Вспомним по этому поводу еще раз высказывание Павла Судоплатова.

«...Дело в том, что реализация разведывательной информации определяется, как правило, неизвестными для разведчиков мотивами действий высшего руководства страны...»

Судя по его воспоминаниям, сам Судоплатов тоже не был посвящен в существо этой интриги. Однако, как человек умный и наблюдательный, о чем-то таком, похоже, догадывался. Потому-то и продолжил эту фразу словами: «...Целью Сталина было любой ценой избежать войны летом 1941 года...»

Знал ли начальник внешней разведки НКВД Павел Фитин? Сейчас сказать трудно. С одной стороны, действиями своего резидента кто-то должен руководить. С другой стороны, отдавая резиденту какие-то указания, можно было поневоле допустить передачу информации, которая могла дать ему повод что-то заподозрить. А это, в свою очередь несло риск насторожить и немецкого информатора. Нет, учитывая важность этого канала, здесь необходимо было предельно ограничить число посвященных.
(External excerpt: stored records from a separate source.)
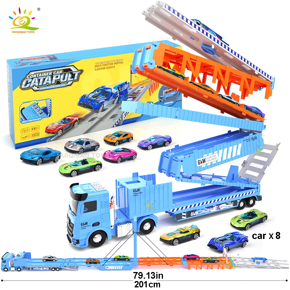 Large Inertia Track Truck Set | Foldable Track Storage | Launching Alloy Flying Car | Competition Game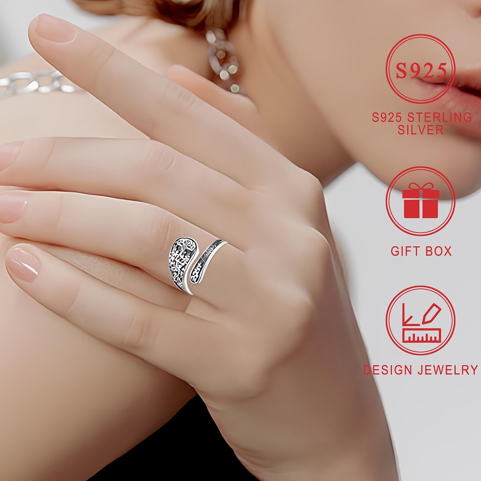 Vintage Bohemian uslubidagi 3D tekstura Hayot daraxti bantli zargarlik S925 Sterling Silver qoshiq halqasi, gippoallergen va ayollar uchun mukammal. Sovg'a qutisi bilan birga keladi, sovg'a berish uchun ideal.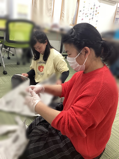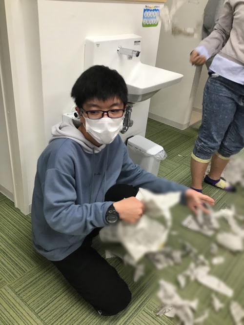 ※新聞紙をちぎるだけのエリアとちぎったあとに投げてもOKのエリアに分かれて行いました!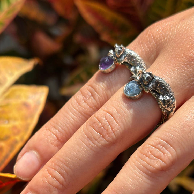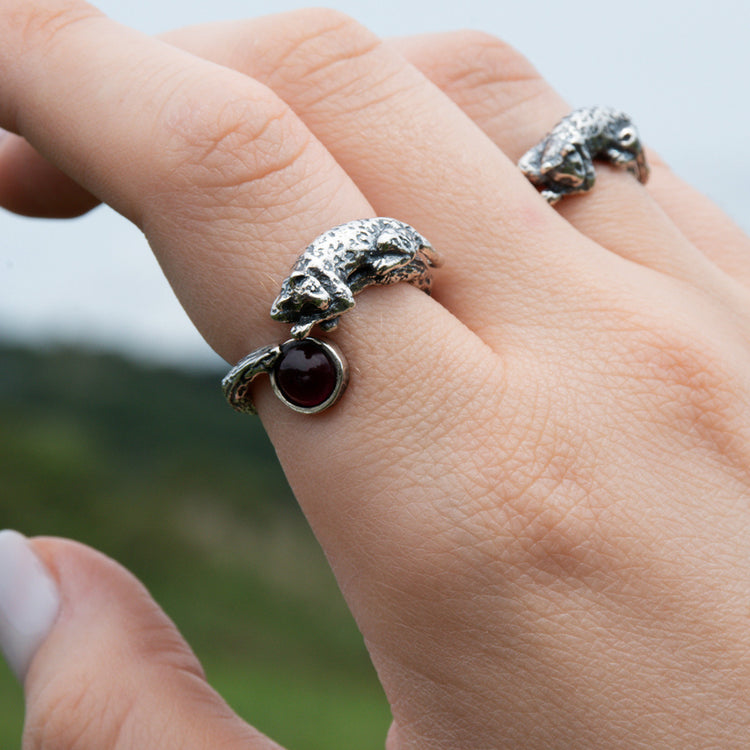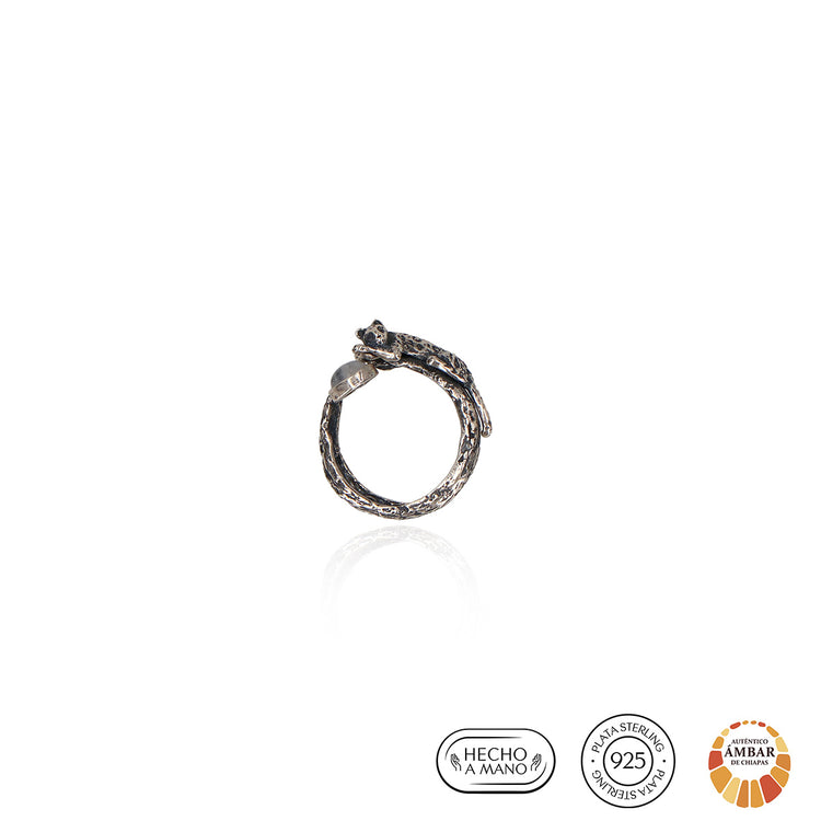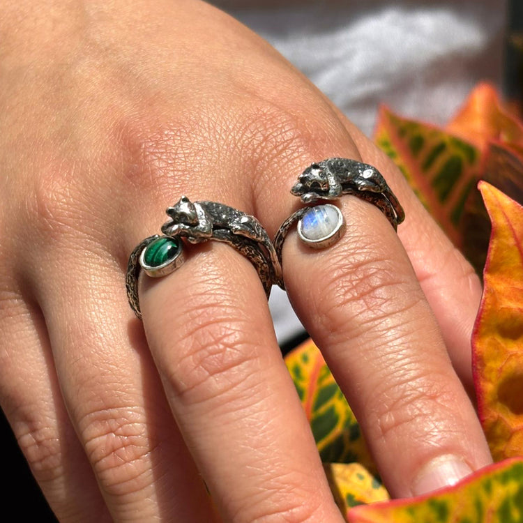 Jaguar en plata .925 sobre rama natural y malaquita verde. Talismán de fuerza serena y visión activa. La malaquita transforma, enraíza y equilibra. El jaguar guía en silencio, resguardando el crecimiento interior.

К тому же, предполагалось, видимо, что нужные Сталину сведения будут осторожно доводиться до Гитлера, минуя аппарат разведки в Москве. На это, кстати, косвенно указывает поведение в Берлине Молотова. То есть, для проведения этой операции сам Фитин был не нужен. Значит, скорее всего, он и не был в нее посвящен. Что подтверждает, кстати, незнание о ней его заместителя, Судоплатова.

То есть, все, что требовалось от Фитина, это сообщить наверх, Берии, о том, что Амаяк Кобулов завербовал нового агента. Поскольку это была единственная, насколько можно понять, вербовка такого уровня, проведенная Амаяком Кобуловым в Берлине, можно было быть твердо уверенным в том, что ему подставлен именно нужный Сталину человек.

Можно конечно допустить, что подобного рода вербовок было несколько, просто об остальных мы не знаем из-за отсутствия в свободном доступе соответствующих документов. Но существа дела это не меняет. Потому что в этом случае под подозрением у советского руководства должны были быть все завербованные Амаяком Кобуловым источники.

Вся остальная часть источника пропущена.